Object detection with R-CNN?

What does R-CNN actually do? Is it like using features extracted by CNN to detect classes in a specified window area?
Is there any tensorflow implementation for this?
R-CNN is using the following algorithm:
Get region proposals for object detection (using selective search).
For each region crop the area from the image and run it thorough a CNN which classify the object.
There are more advanced algorithms that are built upon this like fast-R-CNN and faster R-CNN.
fast-R-CNN:
Run the entire image through the CNN
For each region from the region proposals extract the area using "roi polling" layer and than classify the object.
faster R-CNN:
Run the entire image through the CNN
Using the features detected using the CNN find region proposals using a object proposals network.
For each object proposal extract the area using "roi polling" layer and than classify the object.
There are a lot of implantation in tensorflow specifically for faster R-CNN which is the most recent variant just google faster R-CNN tensorflow.
Good luck
R-CNN is the daddy-algorithm for all the mentioned algos, it really provided the path for researchers to build more complex and better algorithm on top of it.
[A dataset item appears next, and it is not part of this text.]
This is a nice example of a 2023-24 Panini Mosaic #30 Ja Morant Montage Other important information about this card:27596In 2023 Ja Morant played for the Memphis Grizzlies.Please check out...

I am trying to explain R-CNN and the other variants of it.
R-CNN, or Region-based Convolutional Neural Network
R-CNN consist of 3 simple steps:
Scan the input image for possible objects using an algorithm called Selective Search, generating ~2000 region proposals
Run a convolutional neural net (CNN) on top of each of these region proposals
Take the output of each CNN and feed it into a) an SVM to classify the region and b) a linear regressor to tighten the bounding box of the object, if such an object exists.
Fast R-CNN:
Fast R-CNN was immediately followed R-CNN. Fast R-CNN is faster and better by the virtue of following points:
Performing feature extraction over the image before proposing regions, thus only running one CNN over the entire image instead of 2000 CNN’s over 2000 overlapping regions
Replacing the SVM with a softmax layer, thus extending the neural network for predictions instead of creating a new model.
Intuitively it makes a lot of sense to remove 2000 conv layers and instead take once Convolution and make boxes on top of that.
Faster R-CNN:
One of the drawbacks of Fast R-CNN was the slow selective search algorithm and Faster R-CNN introduced something called Region Proposal network(RPN).
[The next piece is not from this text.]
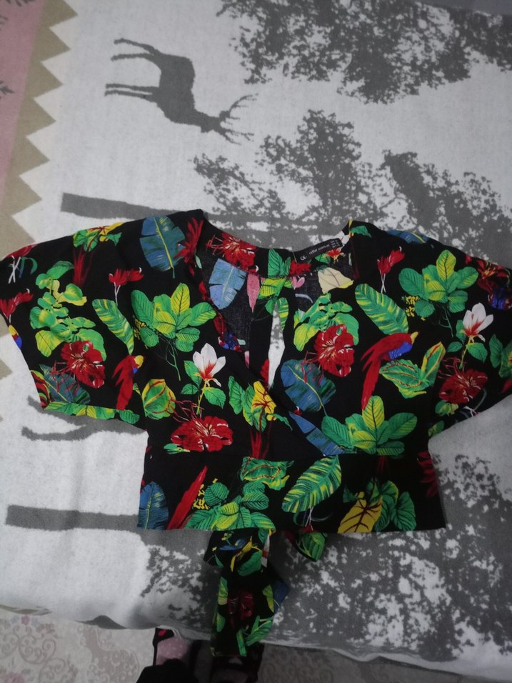 Çiçek desenli, kısa kollu, V yaka üst. aşırı canlı kaliteli renge ve kumaşa sahiptir hiçbir kusuru yok sadece bana küçük geldıgı ıcın satıyorum.

Here’s is the working of the RPN:
At the last layer of an initial CNN, a 3x3 sliding window moves across the feature map and maps it to a lower dimension (e.g. 256-d) For each sliding-window location, it generates multiple possible regions based on k fixed-ratio anchor boxes (default bounding boxes)
Each region proposal consists of:
An “objectness” score for that region and
4 coordinates representing the bounding box of the region
In other words, we look at each location in our last feature map and consider k different boxes centered around it: a tall box, a wide box, a large box, etc.
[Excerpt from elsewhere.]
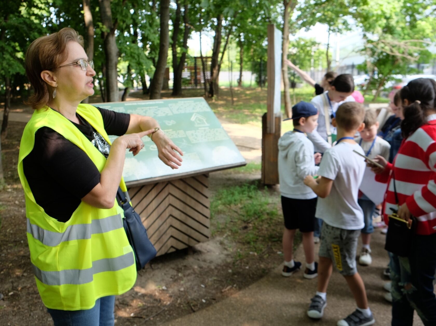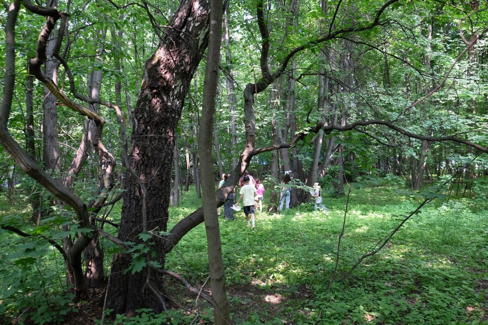Дети и родители разделились на команды и, получив от ведущих карту и задания, отправились в ближайший лес искать особенные места, узнавать о деревьях, структуре леса и его значении для человека.

For each of those boxes, we output whether or not we think it contains an object, and what the coordinates for that box are. This is what it looks like at one sliding window location:
The 2k scores represent the softmax probability of each of the k bounding boxes being on “object.” Notice that although the RPN outputs bounding box coordinates, it does not try to classify any potential objects: its sole job is still proposing object regions. If an anchor box has an “objectness” score above a certain threshold, that box’s coordinates get passed forward as a region proposal.
Once we have our region proposals, we feed them straight into what is essentially a Fast R-CNN. We add a pooling layer, some fully-connected layers, and finally a softmax classification layer and bounding box regressor. In a sense, Faster R-CNN = RPN + Fast R-CNN.
Linking some Tensorflow implementation:
https://github.com/smallcorgi/Faster-RCNN_TF
https://github.com/CharlesShang/FastMaskRCNN
You can find a lot of implementation of Github.
P.S. I borrowed a lot of material from Joyce Xu Medium blog.